By Staff Reporter (staff@latinospost.com) | First Posted: Jun 25, 2013 02:46 PM EDT

The F.B.I. has declassified a 170-page dossier on late Mexican author Carlos Fuentes, which shows that between the early 60s and the late 70s, the agency kept a close eye on his activities and relationships.

The Mexican author is described as a "prominent Marxist intellectual" with a history of "subversive relations."

No wiretapping or surveillance ever reportedly took place, but the FBI did keep a detailed record of the writer's public activities.

According to Fuentes' widow Silvia Lemus, the file has one glaring mistake: Although the author was a staunch leftist, he was never a communist.

"Carlos was not a communist, he never belonged to the Communist Party. That just shows how little they knew about him", Lemus told Spanish newspaper El Pais. She also said that the author had a slight suspicion of the FBI's file: "He was aware of their paranoia," she added.
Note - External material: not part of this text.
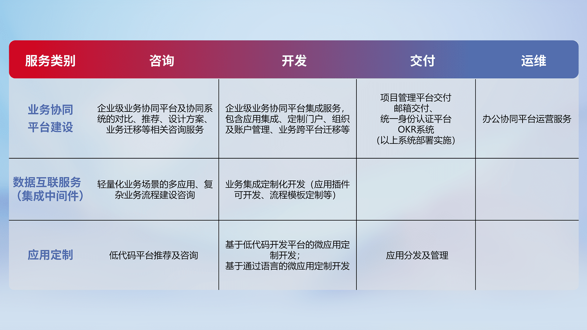 针对钉钉、、、、企微、、IDaas等平台级产品提供产品的规划、、方案、、交付、、、、定制化开发等服务,,,,实现如统一协同办公、、智能客户服务、、、、混合会议管理、、智能数据查询、、等业务场景,,,实现数字化转型。。。
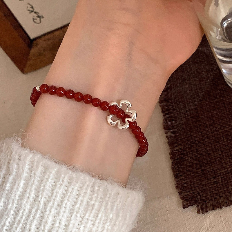 S925 Sterling Silver Natural Red Agate Cut Out Flower Bracelet for Women Simple and High-End Ins Niche Small Clear Hand Jewelry

Fuentes has a close relationship with the Unites States. As a diplomat's son, he grew up in many cities around the world, one of them being Washington D.C. He also became good friends in the nineties with President Bill Clinton. Lemus categorically rejected the label "anti-American" that the F.B.I set on the author: "Of course he wasn't. He valued the country profoundly."

The file on Fuentes began in 1962, when he was invited to a televised debate with Deputy Secretary of State Richard Goodwin, who was in charge of U.S. Policy towards Latin America. The F.B.I. instructed that Fuentes' entry VISA be delayed as much as possible.

In 1970, the agency reported that Fuentes had "publicly declared his divorce from Marxism" but the orders to monitor his public activities remained.

One of the last documents in the dossier is a brief profile of the writer that dates to 1978, which details how the author refused to become a lecturer at Colombia University because of the Vietnam War: "It is impossible to talk serenely about literature while American imperialism is killing women and children abroad," Fuentes is quoted as saying.